Exactly as written, retype the listing below, omitting the pictures.

Collected data:
################

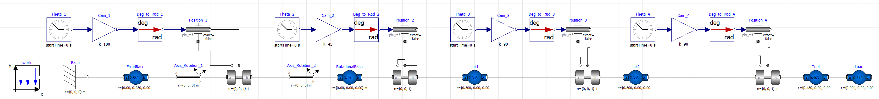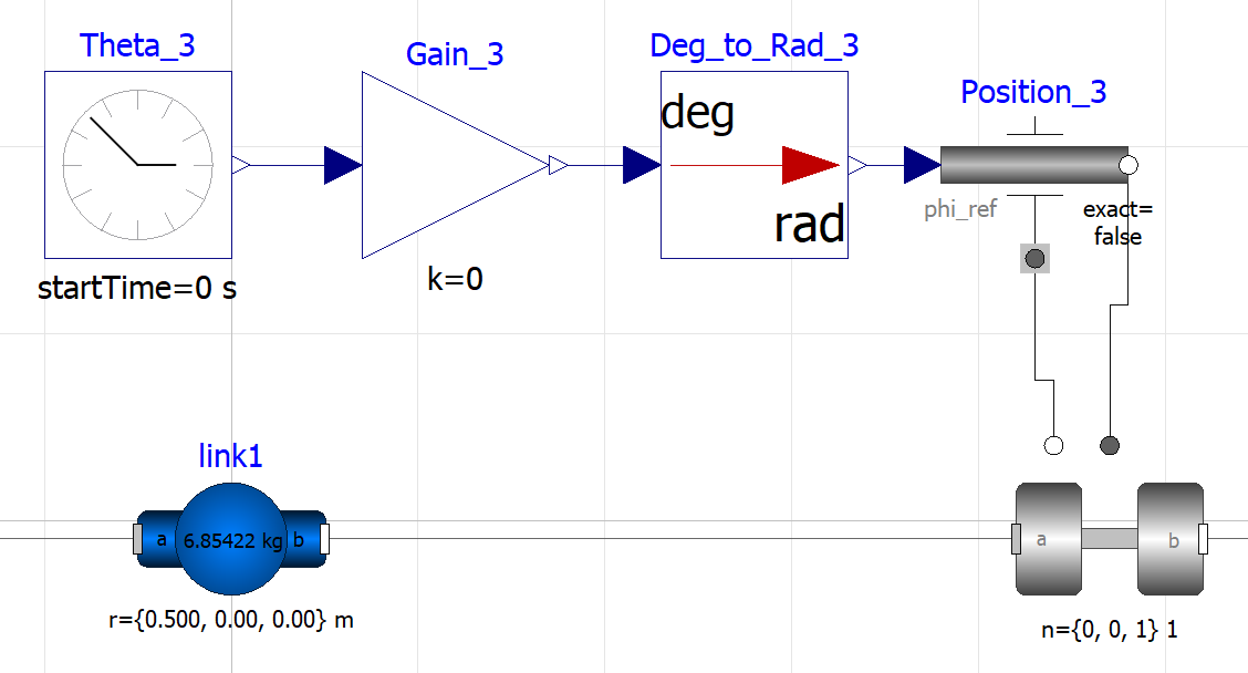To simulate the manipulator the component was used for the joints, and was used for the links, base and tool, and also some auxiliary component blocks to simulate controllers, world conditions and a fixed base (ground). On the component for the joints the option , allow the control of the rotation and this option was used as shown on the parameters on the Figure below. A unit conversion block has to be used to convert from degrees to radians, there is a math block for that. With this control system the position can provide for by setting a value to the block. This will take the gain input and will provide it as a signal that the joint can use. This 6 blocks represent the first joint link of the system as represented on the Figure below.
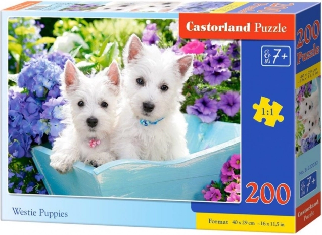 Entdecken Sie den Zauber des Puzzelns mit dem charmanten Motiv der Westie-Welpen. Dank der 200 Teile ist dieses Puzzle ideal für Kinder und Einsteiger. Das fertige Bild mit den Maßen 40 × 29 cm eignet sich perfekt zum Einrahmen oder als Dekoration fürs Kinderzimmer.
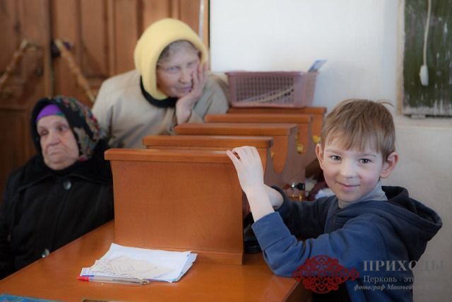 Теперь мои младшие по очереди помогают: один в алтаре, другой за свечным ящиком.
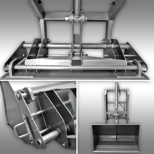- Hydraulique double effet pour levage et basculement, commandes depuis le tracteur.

################

Result:
To simulate the manipulator the component was used for the joints, and was used for the links, base and tool, and also some auxiliary component blocks to simulate controllers, world conditions and a fixed base (ground). On the component for the joints the option , allow the control of the rotation and this option was used as shown on the parameters on the Figure below. A unit conversion block has to be used to convert from degrees to radians, there is a math block for that. With this control system the position can provide for by setting a value to the block. This will take the gain input and will provide it as a signal that the joint can use. This 6 blocks represent the first joint link of the system as represented on the Figure below.
 Entdecken Sie den Zauber des Puzzelns mit dem charmanten Motiv der Westie-Welpen. Dank der 200 Teile ist dieses Puzzle ideal für Kinder und Einsteiger. Das fertige Bild mit den Maßen 40 × 29 cm eignet sich perfekt zum Einrahmen oder als Dekoration fürs Kinderzimmer.
 Теперь мои младшие по очереди помогают: один в алтаре, другой за свечным ящиком.
- Hydraulique double effet pour levage et basculement, commandes depuis le tracteur.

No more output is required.